## Information supplied:
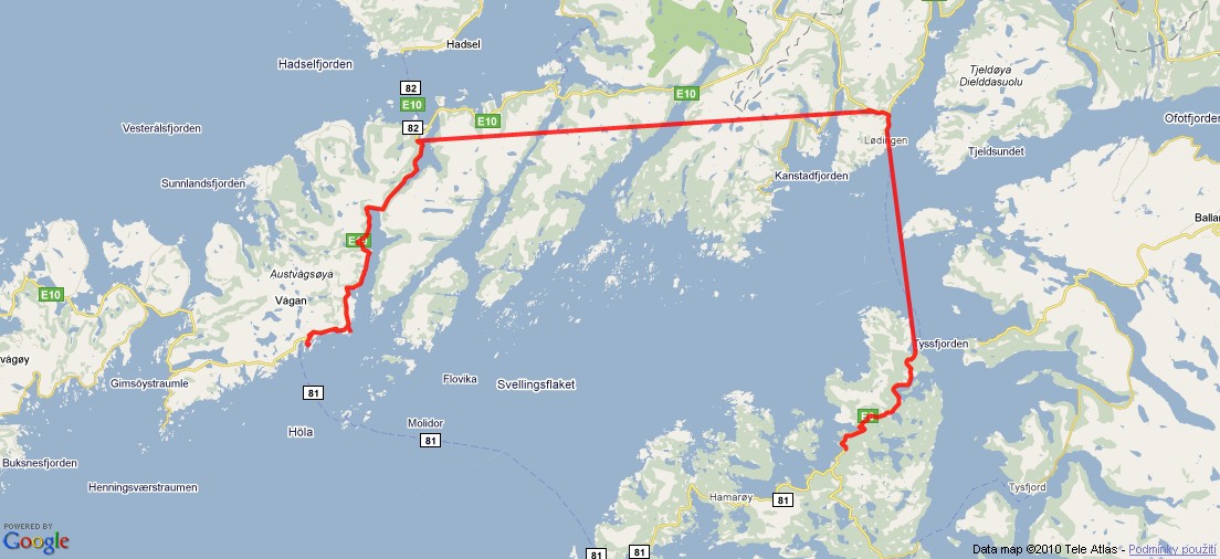 Příjezd trajektem na Lofoty a první den cesty na (polo)ostrovech.
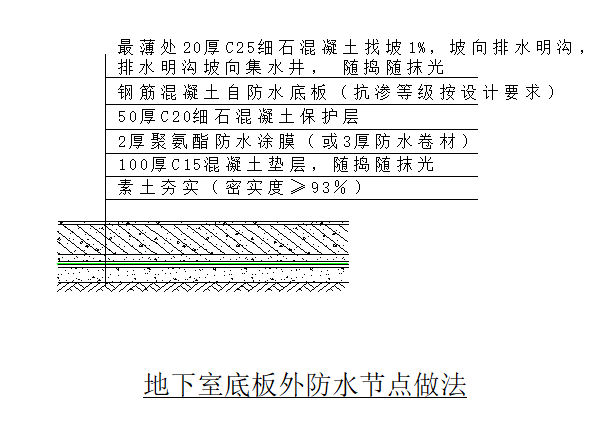 素土夯实——混凝土垫层——防水层——保护层——钢筋混凝土自防水底板——建筑面层
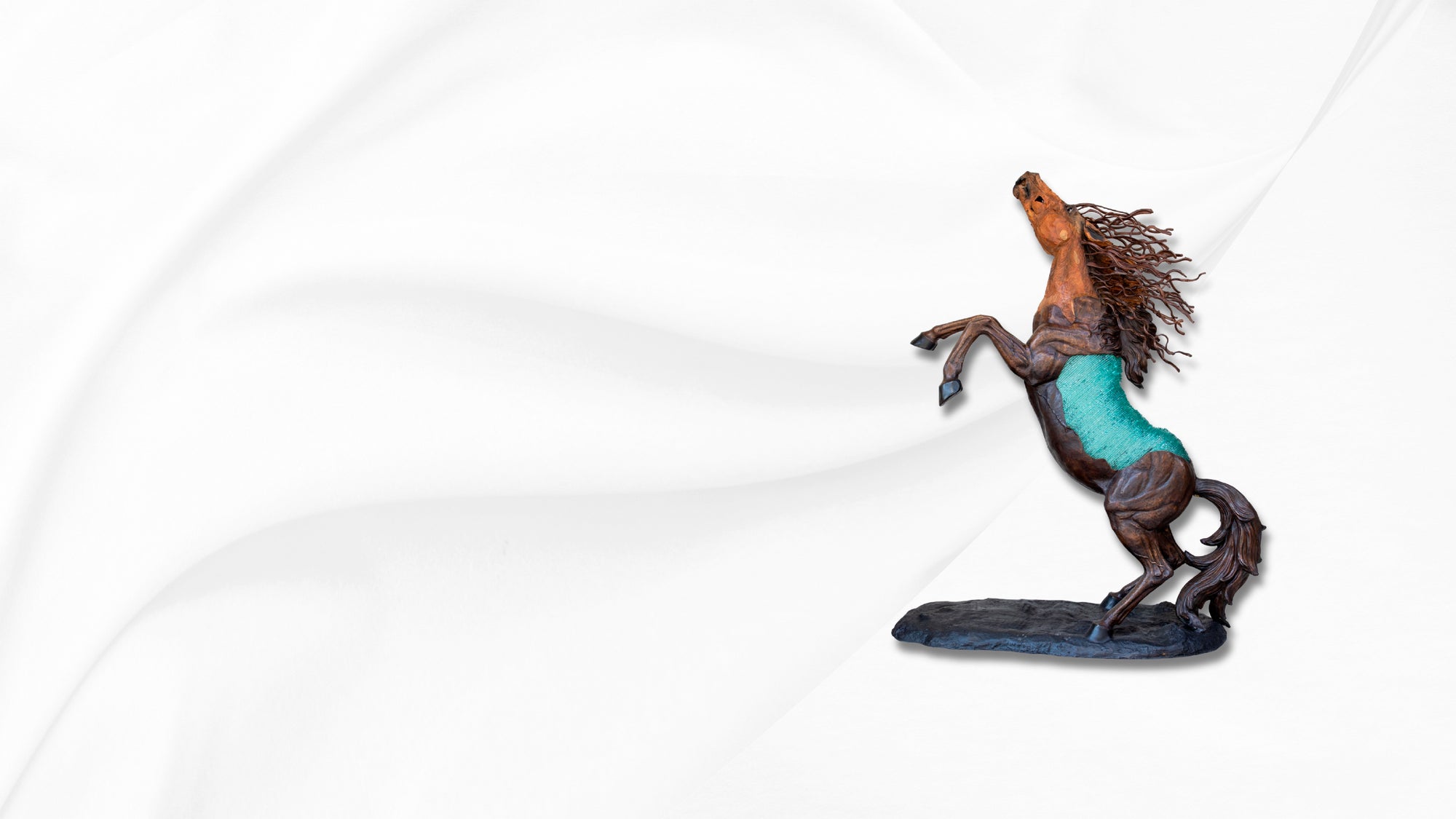 Horse sculpture crafted from wood, glass and brass

## What is required:
Retype all the material word for word while skipping any picture it contains.

## Reply:
 Příjezd trajektem na Lofoty a první den cesty na (polo)ostrovech.
 素土夯实——混凝土垫层——防水层——保护层——钢筋混凝土自防水底板——建筑面层
 Horse sculpture crafted from wood, glass and brass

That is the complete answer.